21:25ReinUsesLisp: Nintendo Switch emulation
21:25HdkR: imirkin: I hear it's the only reason why people care about Maxwell these days
21:25imirkin: yeah, you have to keep track of the most recent SSY, and convert the SYNC into a jump
21:26imirkin: this will happen with if/else for the most part
21:26imirkin: internally it allows the hw to know when all lanes are "SIMD" again
21:26ReinUsesLisp: oh, so it can be ignored
21:27imirkin: SYNC is a jump, so you can't exactly skip it
21:27HdkR: Don't forget loops that have unstructured control flow inside of it :P
21:27imirkin: if/else -> SSY; @P0 BRA else; if-code; SYNC; else-code; SYNC
21:28imirkin: the SSY has a pointer to after the else code
21:28imirkin: we call it "JOINAT" and "JOIN"

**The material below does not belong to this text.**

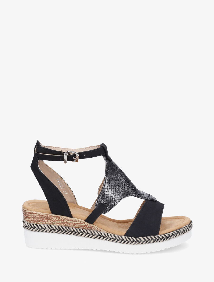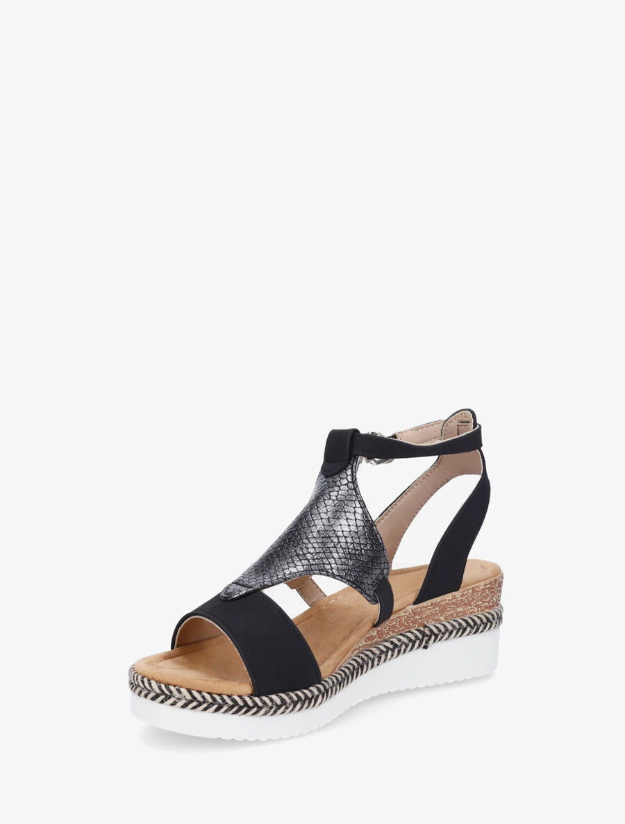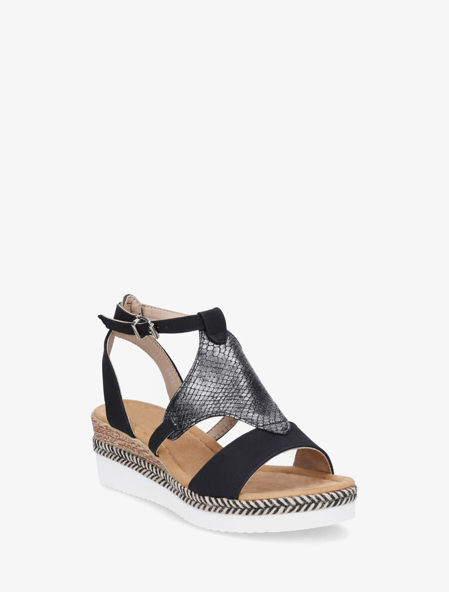 Ces sandales compensées allient confort et sophistication avec leur talon de 5,5 cm habillé d'une élégante tresse en raphia. Le simili effet nubuck noir contraste subtilement avec la ganse effet python irisé qui apporte une touche moderne et graphique. La bride à boucle au tour de cheville assure un maintien optimal tandis que les bouts ouverts garantissent une allure estivale. Parfaites pour sublimer vos tenues décontractées comme vos looks plus habillés, elles s'adaptent à toutes vos occasions ensoleillées avec style et aisance.

21:29imirkin: and right. there are various tructures with a for loop as well
21:29imirkin: i just wanted to make a simple example :)
21:29imirkin: but usually one would use a PBRK for that
21:29HdkR: Or a combination of the two
21:29imirkin: i.e. PBRK + BRK when exiting the loop
21:30imirkin: and if there's if/else inside the loop, then SSY + SYNC
21:30imirkin: but someone who knew what they were doing wouldn't necessarily be bound by such simplicity :)

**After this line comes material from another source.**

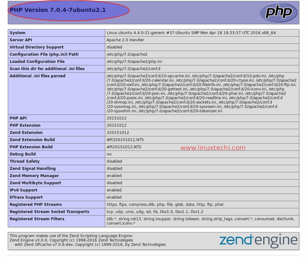 linuxtechi@ubuntu:~$ sudo apt install php7.0-mysql php7.0-curl php7.0-json php7.0-cgi php7.0 libapache2-mod-php7.0
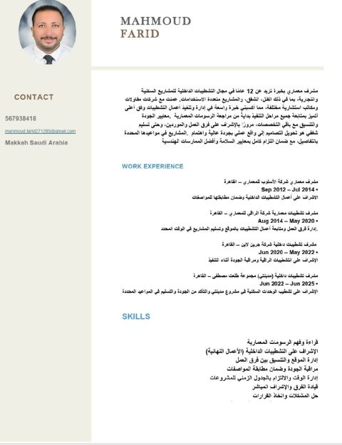 مشرف تشطيبات بخبرة عدد سنوات في تنفيذ وإدارة مشاريع التشطيبات السكنية والتجارية في الرياض. امتلك خبرة واسعة في الاشراف على أعمال اللياسة والدهانات والأعمال الجبسية وغيرها من البنود التشطيبية، مع الالتزام بأعلى معايير الجودة والسلامة. أتمتع بمهارات قوية في إدارة فرق العمل، وتنسيق مهام المقاولين، وحل المشكلات لضمان التسليم في الوقت المحدد وضمن الميزانية المخصصة

21:30skeggsb: and fortunately gone in volta :P
21:30imirkin: moral of the story - don't let HdkR write games
21:30HdkR: er uh
21:30HdkR:hides stockpile of games
21:31HdkR: skeggsb: You get new fun toys in Volta though ;)
21:31imirkin: skeggsb: yeah, that's definitely nice.
21:32HdkR: <3 Volta's threading model
21:35karolherbst: oh no :( more CTS fails
21:36karolherbst: some robustness stuff
21:43karolherbst: imirkin: appernatly we fail some robust_buffer_access_behavior tests as well
21:57karolherbst: but maybe that's just prime related..
22:24karolherbst: mhh, can somebody check if GLX_ARB_create_context_robustness is exposed as a GLX extension inside glxinfo? (not server/client)
22:25karolherbst: but I am sure it doesn't get reported due to prime
22:26imirkin: for me it's reported on client but not server
22:26imirkin: dunno if we need to do something or not
22:26imirkin: might need newer xorg
22:26karolherbst: I guess so
22:26karolherbst: well, my X runs on intel
22:27karolherbst: let me check with a dedicated nouveau X
22:30karolherbst: X doesn't start on nouveau here, because the GPU doesn't report any displays
22:30karolherbst: well at least the modesetting ddx isn't happy
22:30karolherbst: nouveau ddx just crashes
22:34karolherbst: also my X is like 1.20 or so
22:34karolherbst: uhh 1.19.6 actually
22:34karolherbst: imirkin: well, it works perfectly with intel, just prime offloaded nouveau not
22:36imirkin: i have not investigated.